:: Data section ::
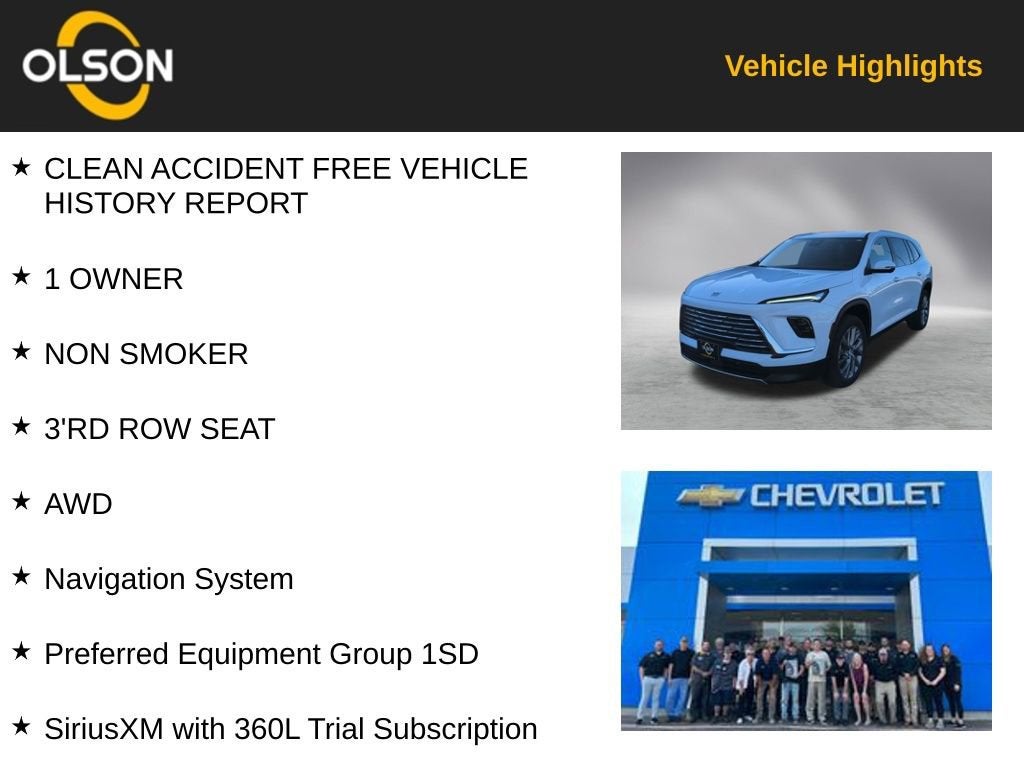 Olson Chevrolet is Family owned and operated In Redwood Falls and Hutchinson. Our business actively participates in the community through Community Events and Sponsorships. We enjoy Collaborating with and supporting local businesses. Olson Chevrolet is excited to offer this 2025 Buick Enclave Preferred in Summit White with an Ebony Premium Synthetic interior. This Enclave is powered by a Gasoline 2.5 liter 4 cylinder engine with AWD and Automatic transmission.
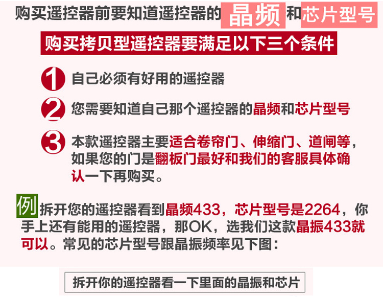 (Peach wood color) Frequency 433 (Black Boss) Frequency 433 Other frequency message upgrade metal (Black Boss) Frequency 433 (commonly used by locksmiths) Frequency 315 (commonly used by locksmiths)
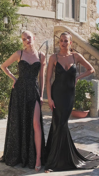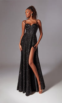 Step into a world of elegance in this long black glitter prom dress 273 from Aerie Couture. With a corset-style bodice that wraps around to the lace-up open back, this long black glitter evening gown gets a fitted look for prom, galas, and other black-tie events. In misses and some plus sizes, this long black glitter formal dress has a floor-length a-line skirt that opens in a sultry side slit before ending in an eye-catching train. A glamorous style that hints at seductiveness, this long black glitter prom dress is ready to shine like never before.
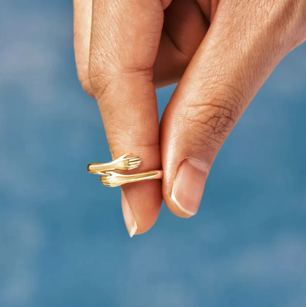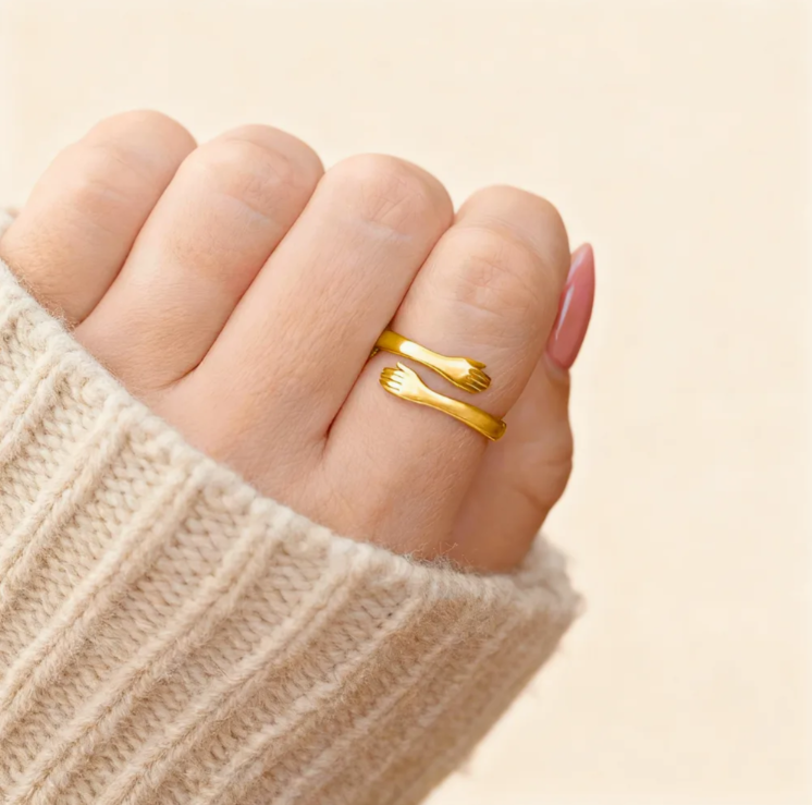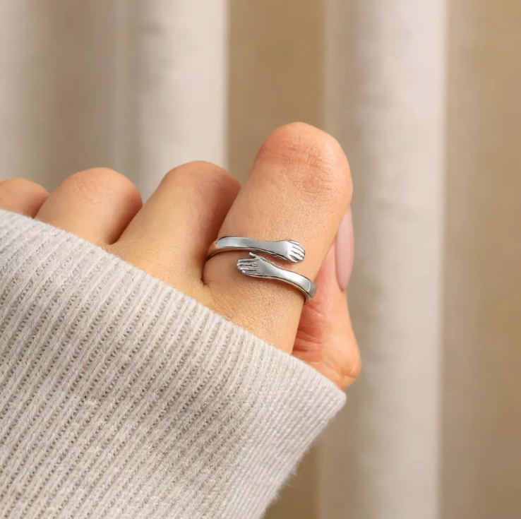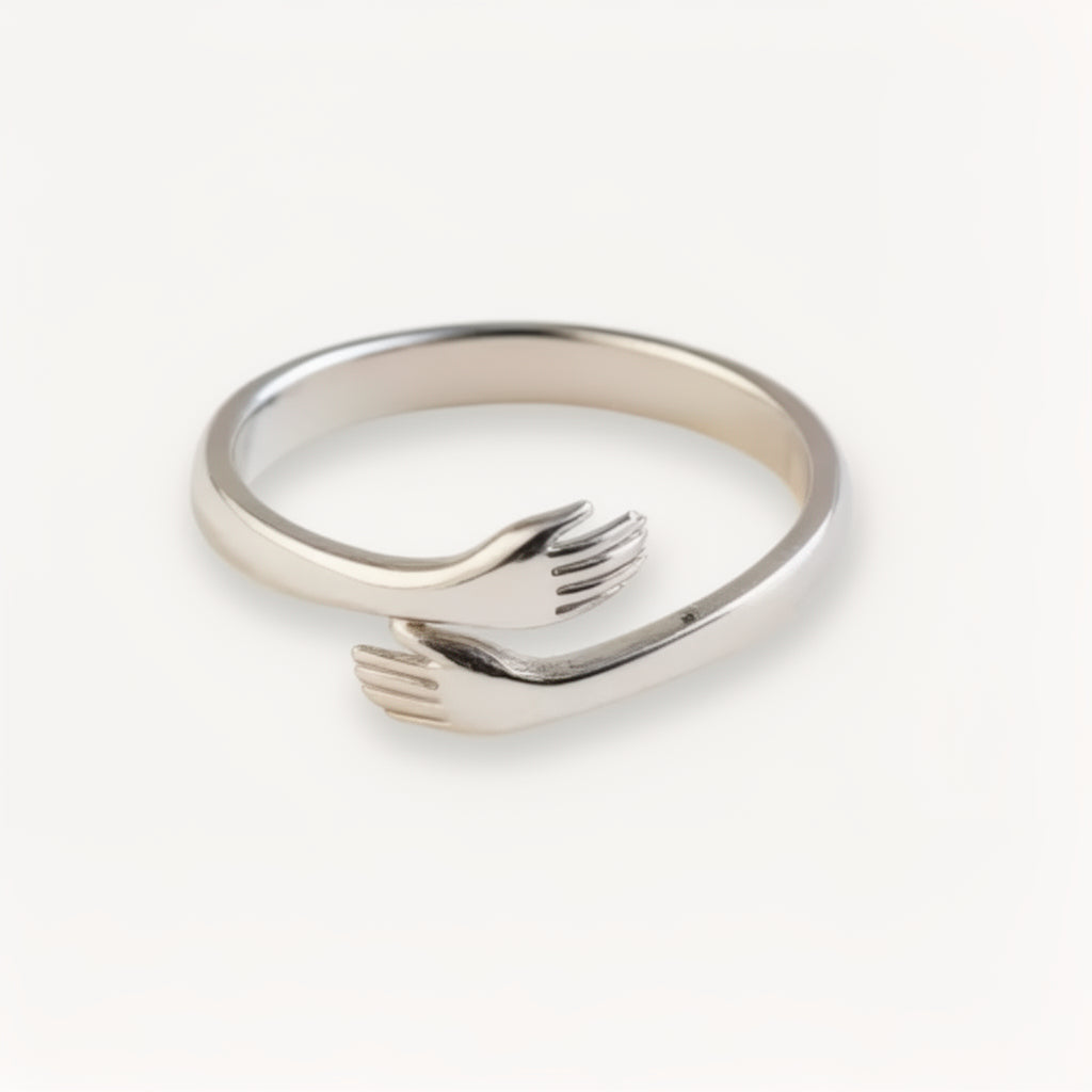 Cette bague représente une étreinte qui ne se lâche jamais, un geste silencieux qui dit : “je suis avec toi, toujours”.

:: Exercise details ::
Retype exactly the lines above, starting at the line containing "(Peach wood color)" and ending with the last line, both included; leave out the pictures.

:: Final answer ::
 (Peach wood color) Frequency 433 (Black Boss) Frequency 433 Other frequency message upgrade metal (Black Boss) Frequency 433 (commonly used by locksmiths) Frequency 315 (commonly used by locksmiths)
 Step into a world of elegance in this long black glitter prom dress 273 from Aerie Couture. With a corset-style bodice that wraps around to the lace-up open back, this long black glitter evening gown gets a fitted look for prom, galas, and other black-tie events. In misses and some plus sizes, this long black glitter formal dress has a floor-length a-line skirt that opens in a sultry side slit before ending in an eye-catching train. A glamorous style that hints at seductiveness, this long black glitter prom dress is ready to shine like never before.
 Cette bague représente une étreinte qui ne se lâche jamais, un geste silencieux qui dit : “je suis avec toi, toujours”.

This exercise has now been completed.